Mama made a soft noise as if in agreement. I could tell she was trying to comfort her.
“We’ll find a way out, Brenda. I’ve tried. You know I’ve tried. But last time, he almost killed us. I’m still carrying the scars.”
“What about the others? You know who’s next. I can’t let that happen. I won’t!” Brenda hissed.
Mama’s voice was barely more than just air. “What can we do? What can I do? There’s no way to stop him. I’ve put rat poison in his food. I’ve left, and he found me and nearly killed me the last time. How long was it before I could open my eye?”
The room was silent for a moment.
“I stole his claw hammer,” Brenda whispered. “I hid it behind the back of the cabin.”
I stopped playing jacks and held the ball tightly in my hand.
“Keep your voice down, please, Honey,” Mama said.
“I’m never gonna let him touch me again. I’d rather be dead,” Brenda said.
“Lord, help us,” Mama whispered. “May God forgive me.”
“I’m gonna do it,
Mama,” Brenda said.
“I know,” Mama said. “We should have done it long ago.”
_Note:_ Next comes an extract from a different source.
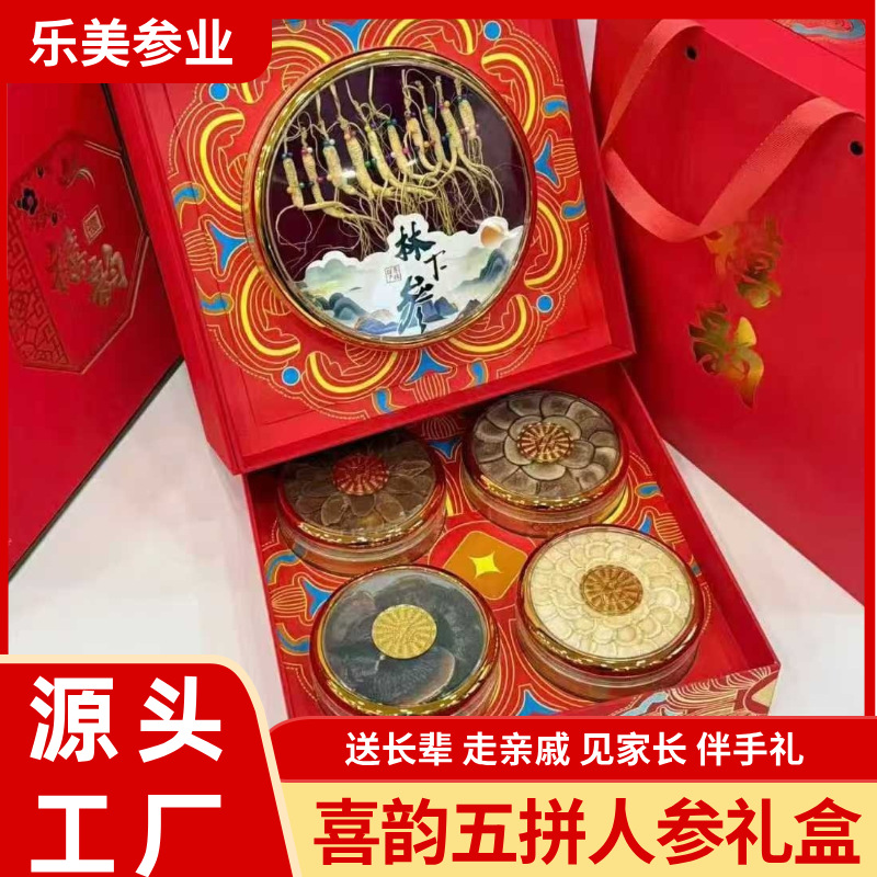 人参礼盒春节大福款五拼西洋参红参礼盒春节送礼员工福利长白山

“I’m going to pull that hammer out tonight. I’m gonna put the hammer under the bed.”
Mama’s foot scuffed against the floor. Brenda paused for a second, then continued.
“Once he starts snoring, I’m gonna hit him in the head with that claw hammer. I’m gonna bash in his skull. I’m gonna hit him and hit him. That’s what I’m gonna do. I’m going to kill him!”
Chapter 4
A Child’s Innocence
I jumped up as the little ball dropped from my hand and rolled across the plank floor. My bare feet scattered the pebbles I used for jacks.
“Oh no! Mama, no! No!”
The words came pouring out of my mouth before I realized I had spoken. I had to keep Mama and Brenda safe, and I felt in my soul that this could only end badly. At the same time, my young mind could not wrap around what I had heard Brenda say.
I burst into the front room, seeing Mama sitting on the only chair and Brenda huddled close by her on the floor. Their faces looked pale in the lamplight. I saw fear and desperation in their eyes.
“Please don’t kill Daddy! Please don’t do it,” I cried.
Tears streamed down my cheeks as I ran up to Mama. They both stood up quickly, and Brenda reached out for me. I jumped back before she could touch me. Mama shot her a nervous glance and then tried to put a smile on her face when she looked down at me.
“Calm down, Frances,” she whispered. “You’re gonna wake everybody up.”
“You can’t! You can’t do murder!” I wailed.
Brenda hung her head and stared at the floor. Mama tried to reason with me.
“It’s okay . . . it’s okay,” Mama said.